By far the discussion was centered in finding the best way to approach the signal (with the front-end part). But now let’s focus on how the deeper layers of the model (the back-end) can turn the latent space (extracted by the front-end) into some useful predictions.

Many back-ends could be used, and among the different options we identified two main groups: (i) fixed-length input back-end, and (ii) variable-length input back-end. Interestingly, the generally convolutional nature of the front-end allows to naturally process different input lengths. Therefore, the back-end unit adapts the variable-length feature map to a fixed output-size. Former group of models (i) assume that the input of the model will be kept constant – examples of those are feed-forward neural-networks or fully-convolutional stacks. The second group (ii) can use different input-lengths, since the model is flexible in at least one of its input dimensions – examples of those are back-ends using temporal-aggregation strategies such as max-pooling, average-pooling, attention models or recurrent neural networks. Given the variation in audio clips lengths, this type of back-ends are ideal candidates for music/audio processing.

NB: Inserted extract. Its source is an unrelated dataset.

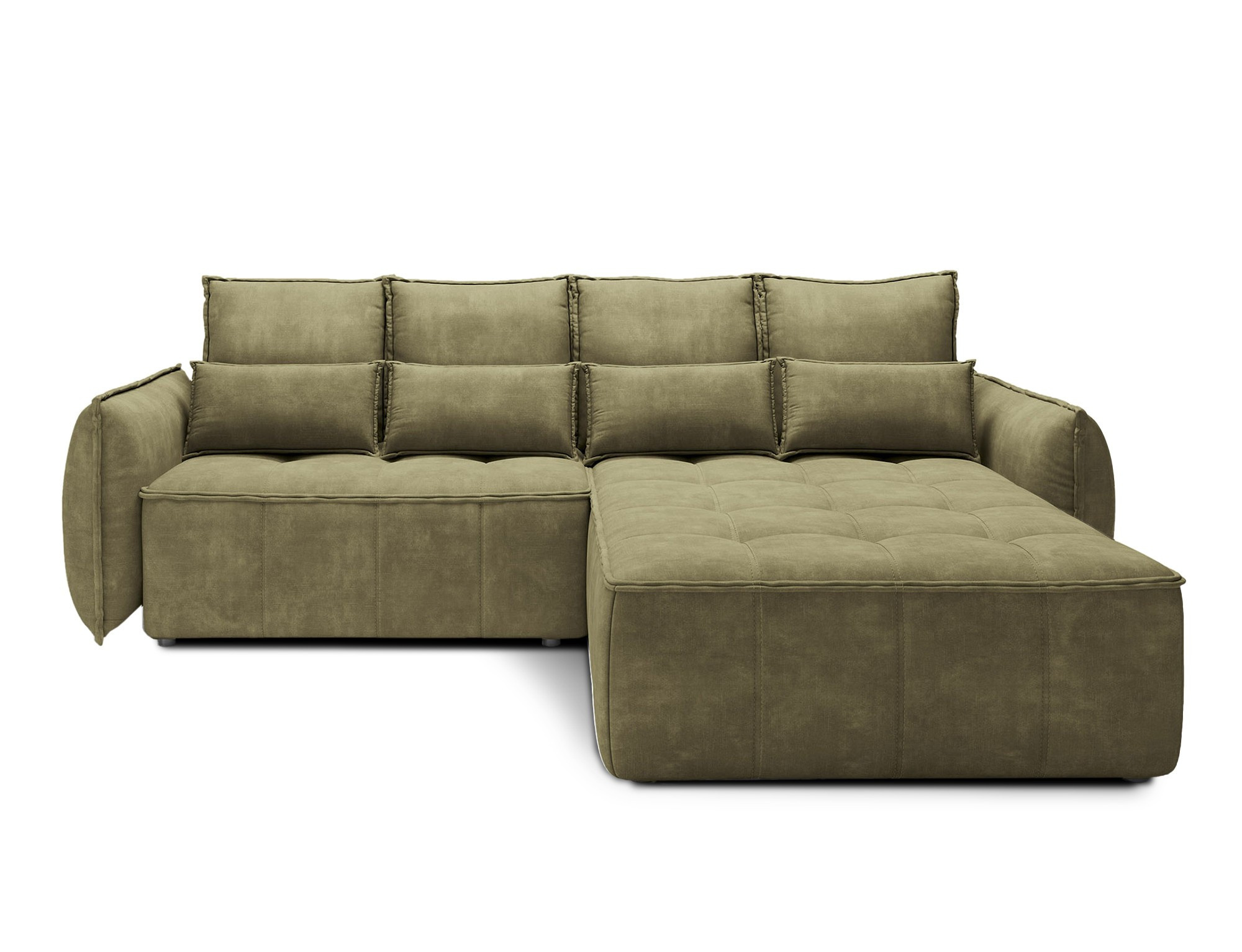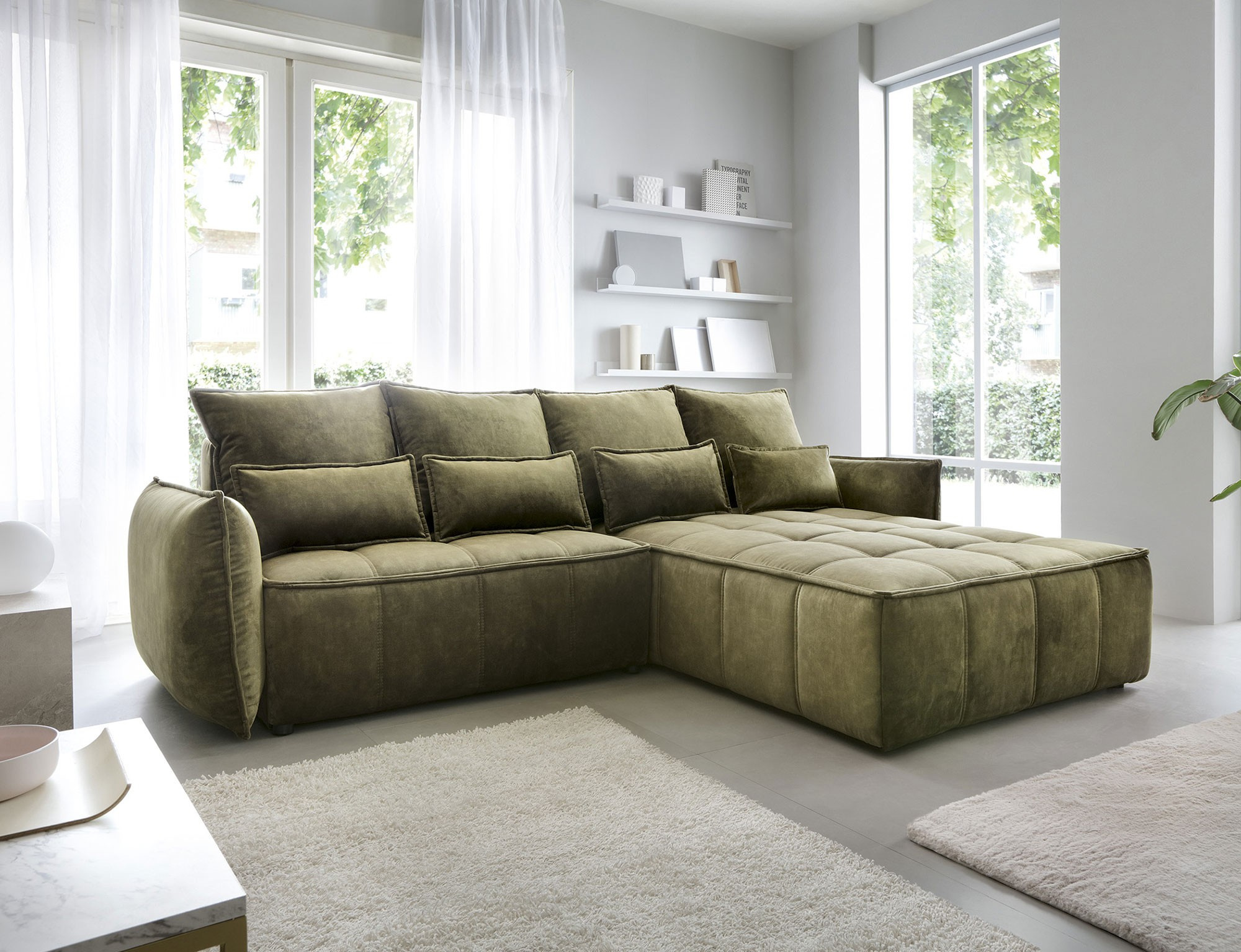 Rohová pohovka Campo, merajúca 265x196x88 cm, je elegantný a funkčný kus nábytku s úložným priestorom na posteľnú bielizeň (97x60x15 cm). Vybavené 4 vankúšmi na operadlo a 4 bedrovými vankúšmi, poskytuje pohodlie a oporu pre chrbát. Produkt je dostupný iba vo vybraných látkach z kolekcie ELTAP. Rohová pohovka Campo je vynikajúcou voľbou pre tých, ktorí si cenia pohodlie, funkčnosť a elegantný dizajn. Vďaka svojmu premyslenému dizajnu a ďalším vankúšom ponúka pohodlné miesto na odpočinok a úložný priestor pomáha udržiavať veci usporiadané. Možnosť výberu z vybraných látok umožňuje vytvoriť kus nábytku, ktorý dokonale dopĺňa zvyšok interiéru.

Unfortunately, our experience dealing with the previously listed back-ends is not as exhaustive as for the front-ends case – and I cannot share our findings experimenting with the different back-ends we identified in the literature. However, recent publications in drums transcription or recent trends in the DCASE challenge clearly denote that it exists potential in using variable-length input back-ends (more suitable for audio processing) – although, currently, most methods rely on back-ends assuming fixed-length inputs.

Academic reference: Jordi Pons, Oriol Nieto, Matthew Prockup, Erik M. Schmidt, Andreas F. Ehmann and Xavier Serra. End-to-end learning for music audio tagging at scale. In proceedings of the Workshop on Machine Learning for Audio Signal Processing (ML4Audio) at NIPS, 2017.

Acknowledgements: Special thanks to Oriol Nieto for his valuable feedback on the text and its structure, and to Yann Bayle for his ideas to make Figure 2 more clear!